Intercept: -0.004427323544156314 ± 0.011174410169326278
Slope: 1.0149716953160086 ± 0.02263602489255625
MSWD: 2.905814608188555

png

References

Ludwig, K.R. (2003) User's manual for IsoPlot 3.0. A geochronological toolkit for Microsoft Excel. 71 pp.

Stacey, J.S., Kramers, J.D. (1975) Approximation of terrestrial lead isotope evolution by a two-stage model. Earth and Planetary Science Letters 26, 207-221.

Steiger, R.H. and Jäger, E. (1977) Subcommission on Geochronology: Convention on the use of decay constants in geo- and cosmochronology. Earth and Planetary Science Letters 36, 359-362.

Tatsumoto, M., Knight R.J., Allègre, C.J. (1973) Time differences in the formation of meteorites as determined from the ratio of lead-207 to lead-206. Science 180, 1279-1283.

York, D. (1966) Least squares fitting of a straight line. Canadian Journal of Physics, 44, 1079–1086.

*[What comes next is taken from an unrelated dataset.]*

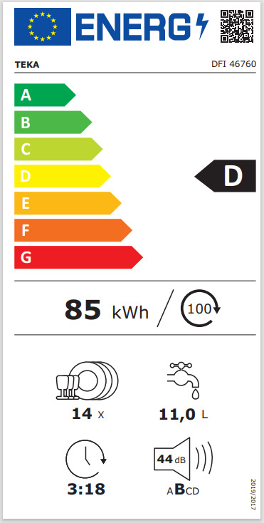 Lavavajillas Integrable Teka DFI467603ª Bandeja, 14 servicios, Clase D, 44 dB, Negro

York, D. (1969) Least squares fitting of a straight line with correlated errors. Earth and Planetary Science Letters 5, 320–324.

York, D., Evensen, N.M., Martinez, M.L., and Delgado, J.D. (2004) Unified equations for the slope, intercept, and standard errors of the best straight line. American Journal of Physics 72, 367–375.